Con el récord de Proyas hasta ahora, nada podría salir mal; ¿verdad?.

“Dioses de Egipto” es una cinta demasiado ambiciosa que desde los primeros minutos empieza a derrumbarse. La historia lograr una sensación de “aventura épica” pero una mala ejecución así como severas limitaciones transforman a esta historia en lo que bien podría ser la peor cinta del 2016 hasta el momento.

La historia se centra en Horus (Nikolaj Coster-Waldau) el dios del aire así como Bek (Brenton Thwaites) un mortal que pasa sus días robando artículos de la plaza local para complacer a su futura esposa Zaya (Courtney Eaton). Cuando Set (Gerard Butler) decide dar un golpe de estado y apoderarse del reinado de Egipto, los destinos de El Dios de aire y el mortal ladrón se verán entrelazados. Bajo esta premisa simple y genérica se desata una aventura de dos horas que termina siendo un videojuego malo, muy malo.

La trama de la cinta es casi inexistente (vayamos del punto A al B para lograr algo) sino que muchos de los recursos narrativos (dos personas completamente opuestas tienen que trabajar juntos) han sido utilizados hasta el cansancio en otras historias. Hay tantos personajes en la cinta, que nunca pasamos el tiempo suficiente con los protagonistas como para sentir algún tipo de conexión con ellos y que nos importe los que llegue a pasarles. Así mismo, la cinta utiliza muchos saltos en el tiempo y así evitar desarrollar la historia o solucionar muchos problemas que se presentan en algún momento. En el tercer acto simplemente escuchamos: “Casi todos los personajes que murieron se les dio una segunda oportunidad y volvieron a la vida”….eso es fuera de otro mejor termino, una manera perezosa de escribir.

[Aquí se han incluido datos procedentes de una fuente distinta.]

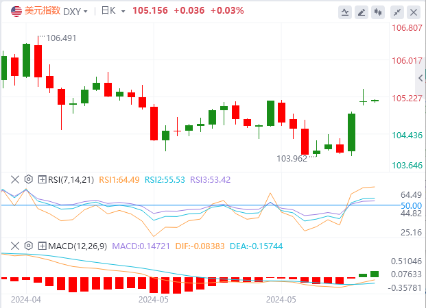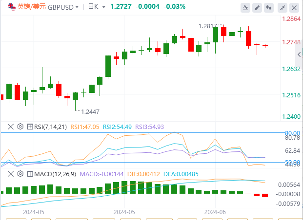 英镑:截止发稿,英镑/美元徘徊于1.2727附近。英镑/美元周一上涨,收报1.2731,涨幅0.05%。过去几个月,英国就业增长一直在萎缩,五月份可能会继续萎缩,这使得英国央行(BOE)更容易开始降低借贷成本。不过,衡量工资增长的平均收入仍然很高,这可能会说服英央行推迟今年的宽松周期。任何就业市场数据走强的迹象都可能在短期内支撑英镑。技术面上,如果这次尝试成功,英镑/美元将向50均线1.2737移动。突破50均线将推动英镑/美元跌向阻力位1.2780–1.2800。
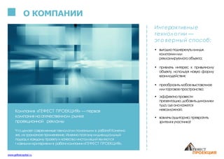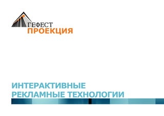 Компания «Гефест Проекция» является лидером на российском рынке проекционной рекламы, предлагая разнообразные интерактивные технологии для улучшения визуализации и вовлечения аудитории. В их ассортимент входят такие продукты, как голографические промоутеры, интерактивные столы и стены, а также проекционные витрины, которые позволяют компаниям выделяться и создавать уникальные рекламные решения. Компания является эксклюзивным производителем своей продукции и активно использует инновации для создания привлекательной рекламы.
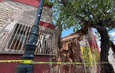 Parte de una barda de una casa abandonada en el Centro Histórico colapsó luego de una semana de intensas lluvias en la capital duranguense.
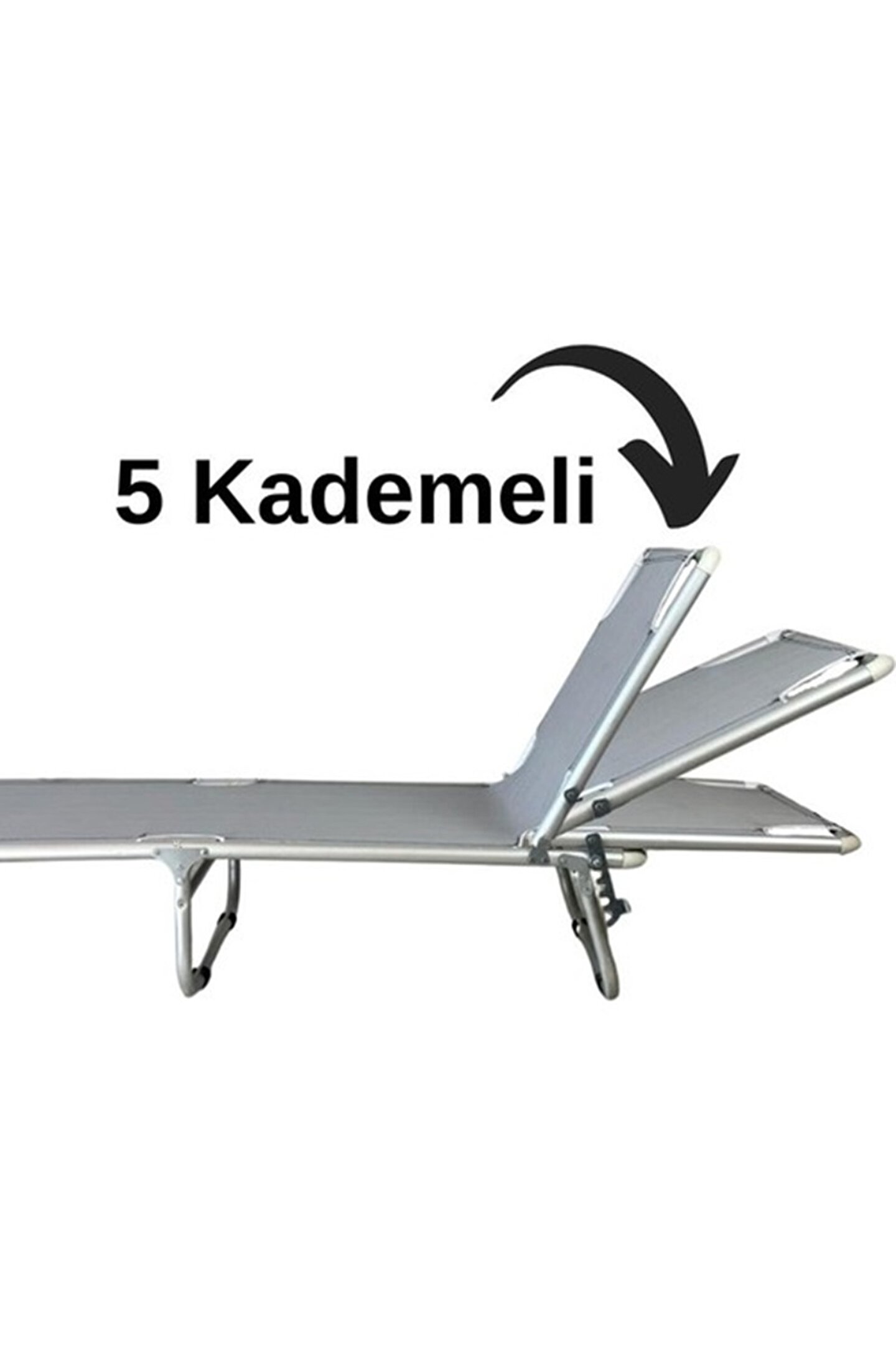 Katlanır Alüminyum Şezlong, kullanıcı dostu özellikleri ile dikkat çeker. 4 farklı yükseklik seviyesi, sırtınızı destekleyerek okuma ya da bronzlaşma gibi farklı faaliyetler için idealdir. 30 cm yükseklikteki yatak pozisyonu, zemindeki soğuk ve nemden izole bir konfor sağlar.
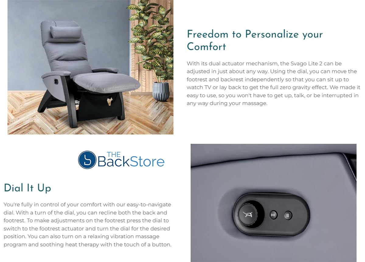 Details: Svago Lite 2 SV210 Dual Power Infinite Position Zero Anti Gravity Recliner Chair with Heat and Air Massage- Svago Lite 2 includes synthetic hyde, hand-carved wood base, lumbar vibration massage and heat, relaxation, self-care, quicker recovery, and back health are here. They are designed to suspend your body into a neutral posture where your feet are elevated in alignment with your heart, creating a weightless feeling. This position helps to reduce pressure on your spine and joints, improve blood circulation, and ease muscle tension. Dial to Bliss - Use the smart dial to recline all the way into zero gravity position or stop in any position by simply letting go. Massage - Full back massage allows the muscles to relax and improve blood circulation. Crafted with Style - Synthetic hyde and hand-carved wood base adds elegance and style to your home. The durability and superb craftsmanship allows you and your family to enjoy the chair for years to come. Heat - Heat helps dilate blood vessels, increasing oxygen flow and nutrients to tissues. Vibration helps to contract and relax muscles, loosening knots and tension. Personalize your Comfort - Dual actuator mechanism so you can move the footrest and backrest independently to watch TV or lay back for full zero gravity effect. Dial It Up - With the turn of the dial so you can recline both the back and footrest. To make adjustments on the footrest press the dial to switch to the footrest actuator and turn the dial for the desired position. Upright Dims: L x W x H - 40.9in x 29in x 46.5in Reclined Dims - 63in x 29in x 29.5in Weight - 85lbs. Capacity: 300lbs Seat Width - 24.8in Wire Length - 9ft Box Dims - 42in x 30in x 26in Svago Warranty - 1 Year In-Home Parts & Labor Service with 2 Years Parts

Aunado a esto, la cinta tiene los peores efectos visuales que hemos visto en mucho tiempo. Aunque hay criaturas y monstruos impresionantes; los fondos y los escenarios se ven falsos e inclusive acartonados. Los efectos visuales llegan a ser un exceso y terminan robándole cualquier indicio de humanidad a la historia.

Las actuaciones de la cinta son malas. Gerard Butler nunca logra ser un villano amenazante, mientras que los héroes nunca logran ser lo suficientemente carismáticos para que puedas conectar con ellos. Pero son Geoffrey Rush y Chadwick Boseman los que terminan siendo la cereza en el pastel, sus actuaciones son tan exageradas que parece que pensaban que esta era una comedia.

Y justo cuando la película esta saturada de personajes y subtramas; “Dioses De Egipto” decide presentar una amenaza adicional que busca destruir el mundo por completo. En ese momento como espectador, simplemente no te importa lo que pudiera llegar a pasar. La cinta se cree “Ben Hur” pero termina siendo más un muy mal episodio de los “Power Rangers”.

“Dioses de Egipto” es una de las peores cintas en lo que va del 2016. La falta de trama, los pobres efectos visuales; las malas actuaciones y los personajes carentes de personalidad hacen de esta una experiencia dolorosa. Las dos horas y siete minutos de duración se sienten eternas ya que la cinta no brinda nada nuevo. Actores como Geoffrey Rush y Chadwick Boseman son desperdiciados por completo y demuestran que su aparición en esta cinta solo fue una forma de cobrar fácilmente un cheque. Esta cinta es un completo desperdicio de tiempo, dinero y recursos que debe ser evitada a cualquier costa.

Si de verdad quieren ver una película de Alex Proyas en su mejor momento, mejor busquen rentar Dark City; tendrán una mejor experiencia asegurada.